From mboxrd@z Thu Jan  1 00:00:00 1970
Received: from eggs.gnu.org ([2001:4830:134:3::10]:44373)
	by lists.gnu.org with esmtp (Exim 4.71)
	(envelope-from <cota@braap.org>) id 1dyMCx-0006Ps-LX
	for qemu-devel@nongnu.org; Sat, 30 Sep 2017 14:09:48 -0400
Received: from Debian-exim by eggs.gnu.org with spam-scanned (Exim 4.71)
	(envelope-from <cota@braap.org>) id 1dyMCu-0004vY-Pb
	for qemu-devel@nongnu.org; Sat, 30 Sep 2017 14:09:47 -0400
Received: from out1-smtp.messagingengine.com ([66.111.4.25]:52727)
	by eggs.gnu.org with esmtps (TLS1.0:DHE_RSA_AES_256_CBC_SHA1:32)
	(Exim 4.71) (envelope-from <cota@braap.org>) id 1dyMCu-0004u3-KA
	for qemu-devel@nongnu.org; Sat, 30 Sep 2017 14:09:44 -0400
Date: Sat, 30 Sep 2017 14:09:41 -0400
From: "Emilio G. Cota" <cota@braap.org>
Message-ID: <20170930180941.GA22048@flamenco>
References: <150529666493.10902.14830445134051381968.stgit@frigg.lan>
	<CAFEAcA9p9B8AFaaSaSOOSsFsEhHW=XPLBFs5MrozWq=7p4_9Zg@mail.gmail.com>
	<87poasgjyh.fsf@frigg.lan>
	<CAFEAcA8XP+8Jz9Dn-mEQ3CCrVj00t3HA0praQ-OSggtQGAmQ5Q@mail.gmail.com>
	<87d16o53xr.fsf@frigg.lan>
	<CAFEAcA9FhXKVKe1E_pVDWX3u0W7WuKQmO54Z1Jgj-iL980yPew@mail.gmail.com>
	<87o9pywt8k.fsf@frigg.lan> <87shf5zlty.fsf@frigg.lan>
	<20170929175943.GA25038@flamenco> <87vak1w53a.fsf@frigg.lan>
MIME-Version: 1.0
Content-Type: text/plain; charset=iso-8859-1
Content-Disposition: inline
Content-Transfer-Encoding: 8bit
In-Reply-To: <87vak1w53a.fsf@frigg.lan>
Subject: Re: [Qemu-devel] [PATCH v6 01/22] instrument: Add documentation
List-Unsubscribe: <https://lists.gnu.org/mailman/options/qemu-devel>,
	<mailto:qemu-devel-request@gnu.org?subject=unsubscribe>
List-Archive: <http://lists.gnu.org/archive/html/qemu-devel/>
List-Post: <mailto:qemu-devel@gnu.org>
List-Help: <mailto:qemu-devel-request@gnu.org?subject=help>
List-Subscribe: <https://lists.gnu.org/mailman/listinfo/qemu-devel>,
	<mailto:qemu-devel-request@gnu.org?subject=subscribe>
To: Peter Maydell <peter.maydell@linaro.org>, QEMU Developers <qemu-devel@nongnu.org>, Stefan Hajnoczi <stefanha@redhat.com>, Markus Armbruster <armbru@redhat.com>
List-ID: <qemu-devel.nongnu.org>

On Sat, Sep 30, 2017 at 00:46:33 +0300, Lluís Vilanova wrote:
> Emilio G Cota writes:
> > I'm not sure I understand this concept of filtering.

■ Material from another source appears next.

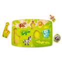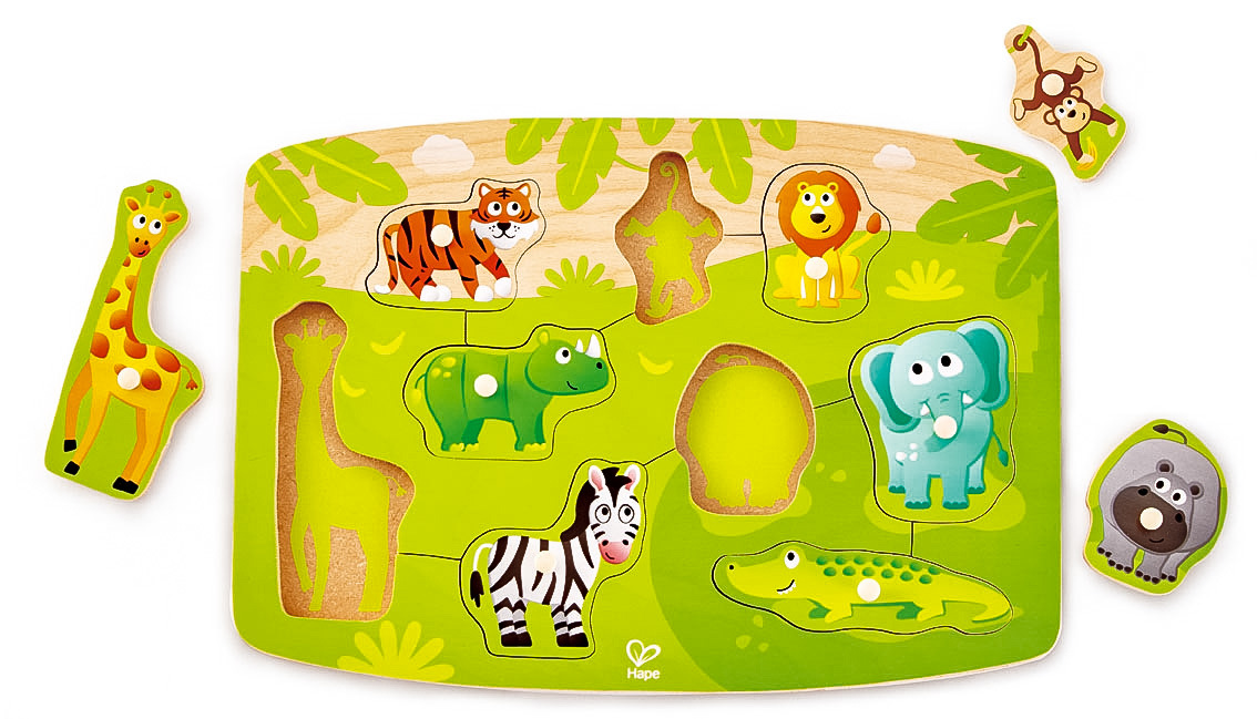 Puzzle na desce s obrázky zvířátek z džungle jsou v ideální velikosti pro malé ručičky. Sada obsahuje 10 dílků. Poutavé barevné provedení. Hračka pomáhá rozvíjet motorické dovednosti. Věk: 24m+. Rozměr: 29,4 x 20,8 x 1,8 cm.

Are you saying that in
> > the first case, all memory accesses are instrumented, and then in the
> > "access helper" we only call the user's callback if it's a memory write?
> > And in the second case, we simply just generate a "write helper" instead
> > of an "access helper". Am I understanding this correctly?
> 
> In the previous case (no filtering), the user callback is always called when a
> memory access is *executed*, and the user then checks if the access mode is a
> write to decide whether to increment a counter.
> 
> In this case (with filtering), a user callback is called when a memory access is
> *translated*, and if the access mode is a write, the user generates a call to a
> second callback that is executed every time a memory access is executed (only
> that it is only generated for memory writes, the ones we care about).
> 
> Is this clearer?

I get it now, thanks!

> > FWIW my experiments so far show similar numbers for instrumenting each
> > instruction (haven't done the per-tb yet). The difference is that I'm
> > exposing to instrumenters a copy of the guest instructions (const void *data,
> > size_t size). These copies are kept around until TB's are flushed.
> > Luckily there seems to be very little overhead in keeping these around,
> > apart from the memory overhead -- but in terms of performance, the
> > necessary allocations do not induce significant overhead.
> 
> To keep this use-case simpler, I added the memory access API I posted in this
> series, where instrumenters can read guest memory (more general than passing a
> copy of the current instruction).

I see some potential problems with this:
1. Instrumenters' accesses could generate exceptions. I presume we'd want to avoid
   this, or leave it as a debug-only kind of option.
2. Instrumenters won't know where the end of an instruction (for variable-length
  ISAs) or of a TB is (TB != basic block). For instructions one could have a loop
  where we read byte-by-byte and pass it to the decoder, something similar to
  what we have in the capstone code recently posted to the list (v4). For TBs,
  we really should have a way to delimit the length of the TB. This is further
  complicated if we want instrumentation to be inserted *before* a TB is
  translated.

Some thoughts on the latter problem: if we want a tb_trans_pre callback, like
Pin/DynamoRIO provide, instead of doing two passes (one to delimit the TB and
call the tb_trans_pre callback, to then generate the translated TB), we could:
  - have a tb_trans_pre callback. This callback inserts an exec-time callback
    with a user-defined pointer (let's call it **tb_info). The callback has
    no arguments, perhaps just the pc.
  - have a tb_trans_post callback. This one passes a copy of the guest
    instructions. The instrumenter then can allocate whatever data structure
    to represent the TB (*tb_info), and copies this pointer to **tb_info, so
    that at execution time, we can obtain tb_info _before_ the TB is executed.
    After the callback returns, the copy of the guest instructions can be freed.
  This has two disadvantages:
  - We have an extra dereference to find tb_info
  - If it turns out that the TB should not be instrumented, we have generated
    a callback for nothing.

		Emilio